Claire Murray Fooshee Second Prize (2012)
My Old Self
Nathan Burley-Friedman
My old self has made his inglorious return,
limping along, prying his way in the door with
that twisted, wooden cane
past my rational faculties.
He’s a wrecked, poor old geezer –
bad back, stained, wrinkled skin, busted old hip,
false teeth – he has that sinister grin every time.
What can I, a young, healthy self do –
tell a sick old man to go to bed?
Part of me loves him like kin
and believes that he loves us back –
this, all against my better judgment
as we share a heart, he and I.
But he’s sick all right,
wheezing like an accordion,
when I’m at my desk
he parks in his favourite chair beside my ear.
In his signature shrill, stale grumble he goes,
hhhrrrmmm come on ma boy!
There’s no damn time – for ya end
a rotten ol’ tomato like me one way or nother!

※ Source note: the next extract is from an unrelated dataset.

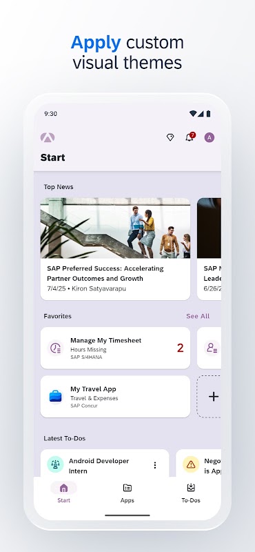 Acesse a empresa inteligente quando quiser com o SAP Mobile Start.
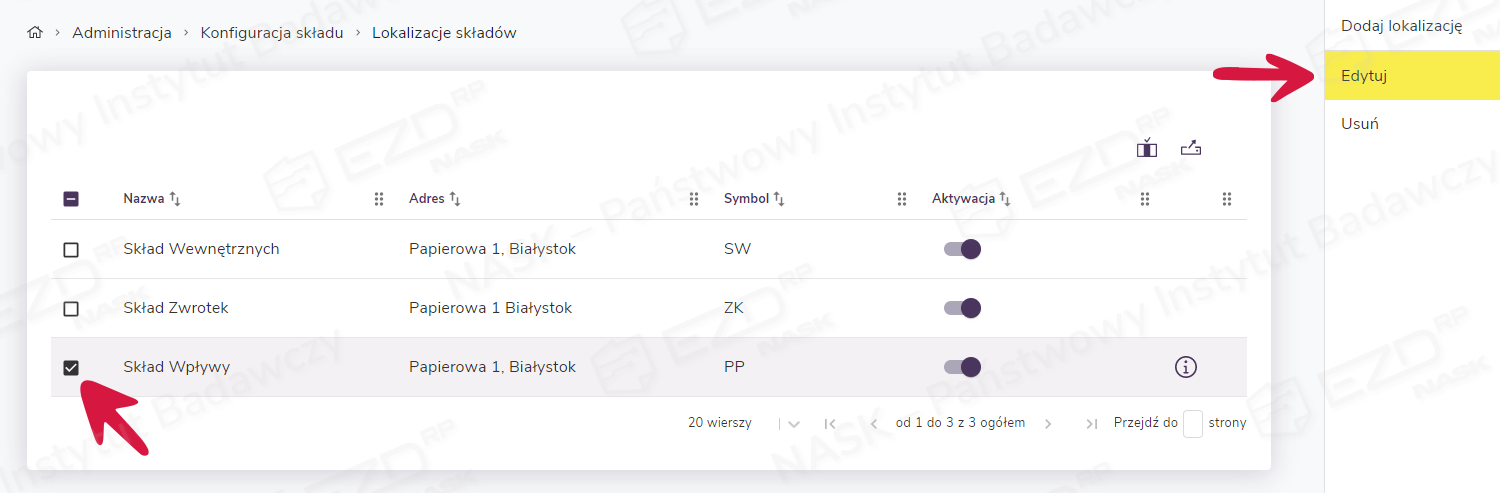 Do lokalizacji składów należy przypisać pracowników. W tym celu klikamy kafelek Lokalizacje składów w module Administracja > Konfiguracja składów. Następnie na liście z lokalizacjami należy zaznaczyć pole wyboru przy wybranej pozycji, a w menu kontekstowym po prawej stronie ekranu kliknąć opcję Edytuj.

He’ll start clearing his throat, horking about,
gggrrrach! gggrrracchhh! Ptuey!
I can’t carry on with him around –
I tell myself: he’ll die soon, won’t he? Though,
I wish only a peaceful and natural death
for my shed self - I do wonder - will I
cry a reluctant tear for the last breath of he who continues to
pry and poke with that watermelon smile?
A brown, corroded watermelon smile indeed.
Still, I can’t quite resist when
gentlemanly, he presents a platter for us:
g’on maboy, have a little taste -
a big fat crusty cigar, novel in its size and cartoonish shape,
a healthy block of smelly blue cheese (aged to perfection) –
how he never forgets those crackers I like –
and a label-less brown liquor bottle half-drunken; so be it.
Naturally, we’re naked in the sauna, smoked-out, drunk stuffed,
dreaming of harems and bank robberies
until I pass out from over-infatuation.
When I awake the grizzly bastard is ready to leave –
a packed suitcase he’s got tucked under his arm:
scraps of my will, a few bucks in change,
loose cigarettes, some brain morsels, hairballs,
he took back that musty sweater that
he gave to me way back (I don’t wear it),
some odd shreds of dignity and
a couple stale muffins for the road.
He hobbles along and lingers at the door, gleaming with vitality:
I’ll be back my booooyyy! Ggrraaaccchhhsssccht! Ptuey!
He’s a nasty fucker, my old self.
But I don’t have the heart to tell him.